しかしながら、広告の効果はともかく、実感する世相への波及効果はいかがなものであろうか。雰囲気は伝わるのだが、いずれも底の浅い一過性の理念として言葉だけが一人歩きして、やがて手垢にまみれて消えているのが現状のような気がする。
例えば、「地球にやさしい」という壮大なテーマを詠うならば、そこではまず地球温暖化防止が最優先であり、そのために二酸化炭素や化学物質フロンなどによる「温室効果」のメカニズムを究明し、もたらされる様々な悪影響①水資源の渇水化②自然生態系における動植物の危機③農作物の減少などに対して果敢な防止策を講じなければならないはずで、単なる言葉遊びで済まされる問題ではない。

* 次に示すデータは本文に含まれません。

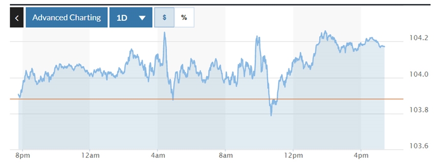 Trong khi đó, trên thị trường Mỹ, chỉ số US Dollar Index (DXY) đo lường biến động đồng bạc xanh với 6 đồng tiền chủ chốt (EUR, JPY, GBP, CAD, SEK, CHF) tăng 0,3% cán mốc 104,17.

同じに、「動物にやさしい」即ち動物愛護についても然りである。確かに、今、多くの人々の間で「動物愛護」が情熱的に語られている。しかし、実態においてはその普及啓発に携わる者として内心いささか忸怩(じくじ)たる思いがある。
それは一つには、物言えぬ動物に深く慈しみをかけているのだが、何故か近隣の人々とコミュニケーションができずにができが隔絶し、ひたすら動物にのめりこんでいるヒトがいる。二つには、動物愛護を標榜し懸命に活動しているのだが、かたわらで常に他団体や行政との確執に明け暮れている任意のグループがある。いずれもが、動物には極めてやさしいのだが、人にはやさしくないのである。
その結果、人と動物の関わりに関するわが国で唯一の立法措置である「動物の愛護及び管理に関する法律」の目的“動物を愛護する気風を招来し、生命尊重、友愛及び平和の情操の滋養に資する(一部抜粋)”に理解と関心を広めることにブレーキをかけてしまう。ジレンマにおそわれ深く悩む所以である。
ペットの存在に対する飼い主のイメージを一言で表すと、大半の人は「家族の一員」と答えている。ならば当然「社会の一員」でもある。動物へのやさしさをアピールするのならば、まず身の回りの人間関係に十分な配慮をし、適正な飼育を心がけることである。